As a motion for conditional release made pursuant to D.C.
Code § 24-301(k), the Court is required to make findings of fact and
conclusions of law with regard to whether the proposed release will benefit
the patient and be safe for the public. United States v. Ecker, II,
543 F.2d 178, 191 (D.C. Cir. 1976). In order for the Petitioner to be successful,
the Court must, after weighing all of the evidence, find (by a preponderance
of the evidence) that the Petitioner "will not, in the reasonable future,
endanger himself or others." Id. at 187. The Court in Ecker II
noted that it is not "sufficient for the district court merely to find
that the patient 'is no longer likely to injure himself or other persons
because of mental illness.' " Id.

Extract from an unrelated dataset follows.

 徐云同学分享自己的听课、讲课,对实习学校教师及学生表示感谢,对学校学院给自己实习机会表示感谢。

The Court must make an "affirmative
finding that it is at least more probable than not that [Petitioner] will
not be violently dangerous in the future." Id.

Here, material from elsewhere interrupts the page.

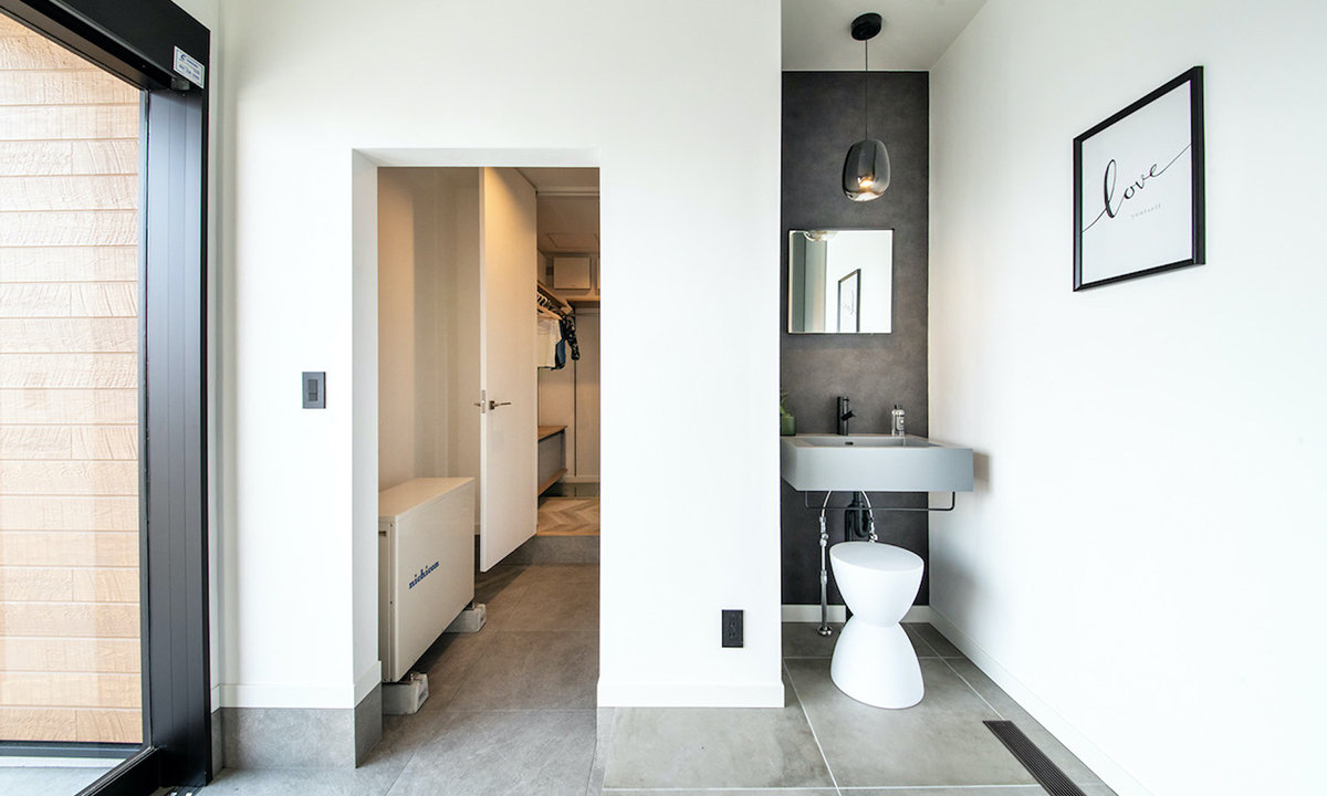 さらに沼津モデルハウスは、鈴与商事様と共同開発した「ZEH+R(ゼッチ・プラス・レジリエンス)」仕様になっており、太陽光発電システム、蓄電システム、HEMS(ホームエネルギー・マネジメント・システム)、に加え、電気自動車を家庭の電源として利用できる「VtoH」も搭載。

In receiving and weighing the evidence, the Court is not
bound to accept the opinion of any expert witness but is free to consider
other evidence including "the patient's hospital file, the court files
and records in the case, and
Whatever illumination is provided by counsel." Id.
at 184-185.
In examining the evidence here, the Court notes that the
request for conditional release has not come from the Hospital, but from
the Petitioner and that the Hospital has, in fact, denied a similar request
made by the Petitioner. Such a posture makes an exacting review of the
evidence that much more important. Id. at 559.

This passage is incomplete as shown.